Recentemente, uma equipe de pesquisadores contestou a afirmação de que o Tyrannosaurus rex possuía inteligência comparável à dos macacos modernos. Em um estudo anterior, a neurocientista Suzana Herculano-Houzel sugeriu que os números de neurônios dos terópodes, como o T. rex, eram "semelhantes aos dos macacos", o que indicaria não apenas um tamanho gigantesco, mas também uma longevidade e cognição flexíveis.
No entanto, o novo grupo de pesquisadores, liderado pelo biólogo Kai Caspar da Universidade Heinrich Heine em Düsseldorf, argumentou que as contagens de neurônios e o tamanho relativo do cérebro são métricas "falhas" para avaliar a inteligência de animais antigos, e que o T. rex provavelmente tinha um número de neurônios "significativamente menor do que o proposto anteriormente". Caspar destacou em um comunicado da Universidade de Bristol que não é prática adequada prever a inteligência em espécies extintas com base apenas em reconstruções de contagens de neurônios a partir de endocastas.
A pesquisa de Herculano-Houzel tinha como base um banco de dados existente de contagens de neurônios em sauropsídeos vivos, um grupo que inclui aves e escamados, e extrapolou esses dados para dinossauros e pterossauros, extintos há cerca de 66 milhões de anos. "Os leitores devem analisar as evidências e tirar suas próprias conclusões," afirmou Herculano-Houzel ao LA Times, defendendo o rigor científico.
Darren Naish, paleozoólogo da Universidade de Southampton e coautor da nova pesquisa, comentou que a ideia de um T. rex com inteligência de babuíno é fascinante e assustadora, pois poderia reinventar nossa visão do passado, mas reiterou que os dados disponíveis vão contra essa noção, aproximando mais o T. rex de crocodilos inteligentes do que de primatas.
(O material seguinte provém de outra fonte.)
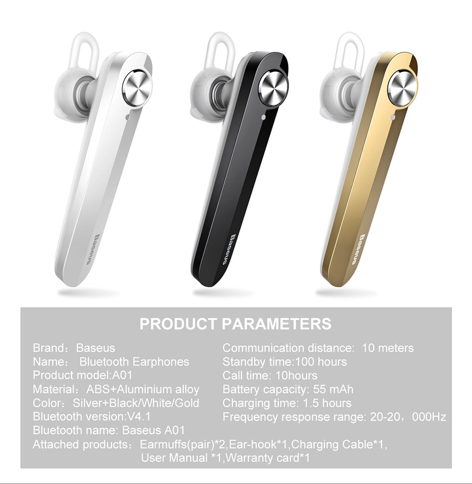 - Sử dụng pin sạc Litium , dung lượng pin 55mAh cho thời gian gọi điện liên tục lên tới 10h. Baseus A01 sử dụng công nghệ HD voice lọc âm, chống ồn hiệu quả, phạm vi đáp ứng tần số: 20-20000Hz.

Apesar do fascínio popular e do debate científico sobre a inteligência do T. rex, especialistas apontam que é mais fácil estudar animais atuais do que extrapolar a inteligência de uma criatura cujos cérebros fossilizados não estão disponíveis para análise. O estudo também toca na questão de quais animais poderiam desenvolver inteligência no nível humano no futuro, um tema que gera diversas e interessantes opiniões entre os especialistas. Ainda assim, parece que a comunidade científica prefere debater a inteligência do extinto T. rex a tentar experimentos arriscados para reviver sua astúcia, numa alusão a enredos de ficção científica.